Gimatecan is a lipophilic oral camptothecin analogue with preclinical activity in glioma models. We conducted a multicenter phase II trial to evaluate the efficacy of gimatecan in adults with recurrent glioblastoma. Eligibility criteria included ≤1 prior treatment for recurrent disease, age ≥18, Eastern Cooperative Oncology Group performance status 0-1, and normal organ function. Patients taking enzyme-inducing anti-seizure medications were excluded. Gimatecan 1.22 mg/m(2) was given orally once daily for 5 consecutive days during each 28-day cycle. The primary endpoint was progression-free survival at 6 months.

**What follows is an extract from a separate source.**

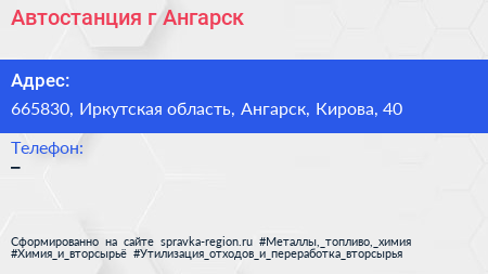 Автостанция, г. Ангарск по адресу 665830, Иркутская область, Ангарск, Кирова, 40 в дальнейшем Организация, размещена в следующих категориях:
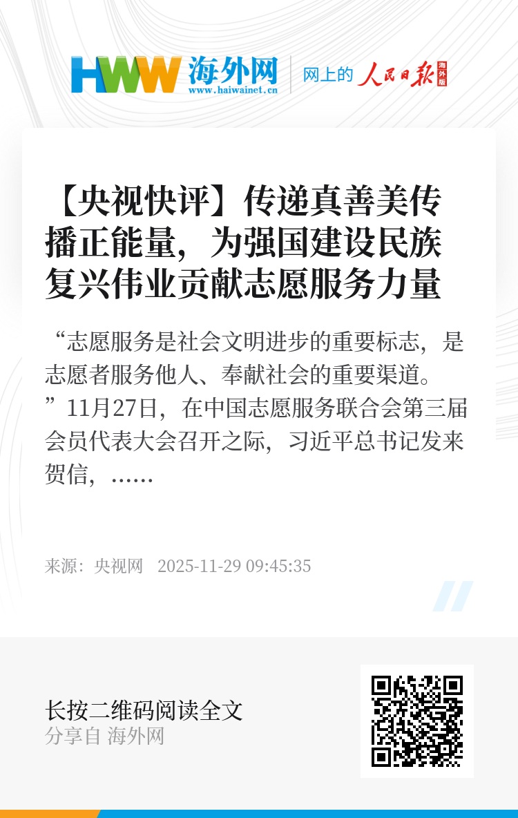 “志愿服务是社会文明进步的重要标志,是志愿者服务他人、奉献社会的重要渠道。”11月27日,在中国志愿服务联合会第三届会员代表大会召开之际,习近平总书记发来贺信,向大会的召开表示祝贺,向广大志愿者、志愿服务组织、志愿服务工作者致以问候。

A Simon 2-stage optimal design was used in which 19 patients were evaluated in the 1st stage, with an additional 36 patients accrued if >4 patients in stage 1 achieved PFS at 6 months. 29 patients were enrolled in the study, with median age of 58 years (range, 25-77 years); 58.6 % female. All patients received prior surgery, radiation therapy, and at least one chemotherapy regimen. The daily dose was reduced to 1.0 mg/m(2) after four of the first 10 patients experienced grade 4 hematologic toxicity. Treatment-related grade 3/4 toxicities included thrombocytopenia (17.2 %), leukopenia (17.2 %) and neutropenia (10.3 %). None of the 19 patients treated at 1.0 mg/m(2)/day experienced grade 4 hematologic toxicity. One patient had a partial radiographic response by modified Macdonald criteria. Only 3 patients (12 %) were progression-free at 6 months. Median time to progression was 12.0 weeks (7.0, 17.0).Treatment with gimatecan 1.0 mg/m(2)/day for 5 days, repeated every 28-days showed minimal efficacy.

摘要

希美纳是一种亲脂性的口服喜树碱类似物,在神经胶质瘤模型中有临床前活性。我们进行了一项多中心 II 期试验,以评估希美纳在复发性胶质母细胞瘤成人患者中的疗效。入选标准包括:≤1 次复发疾病的治疗,年龄≥18 岁,东部肿瘤协作组表现状态 0-1,和正常的器官功能。正在服用酶诱导抗癫痫药物的患者被排除在外。希美纳 1.22mg/m2,每天口服一次,连续 5 天,每 28 天为一个周期。主要终点是 6 个月时的无进展生存期。采用 Simon 2 期最优设计,第 1 阶段评估了 19 例患者,如果第 1 阶段中>4 例患者在 6 个月时达到无进展生存期,则额外入组 36 例患者。该研究共入组 29 例患者,中位年龄为 58 岁(范围:25-77 岁);58.6%为女性。所有患者均接受了手术、放疗和至少一种化疗方案的治疗。在最初的 10 例患者中的 4 例发生 4 级血液学毒性后,将每日剂量减少至 1.0mg/m2。与治疗相关的 3/4 级毒性包括血小板减少症(17.2%)、白细胞减少症(17.2%)和中性粒细胞减少症(10.3%)。接受 1.0mg/m2/天治疗的 19 例患者中没有 1 例发生 4 级血液学毒性。根据改良的 MacDonald 标准,有 1 例患者出现部分放射学反应。仅 3 例(12%)患者在 6 个月时无进展。中位进展时间为 12.0 周(7.0,17.0)。希美纳 1.0mg/m2/天,连用 5 天,每 28 天重复一次,疗效甚微。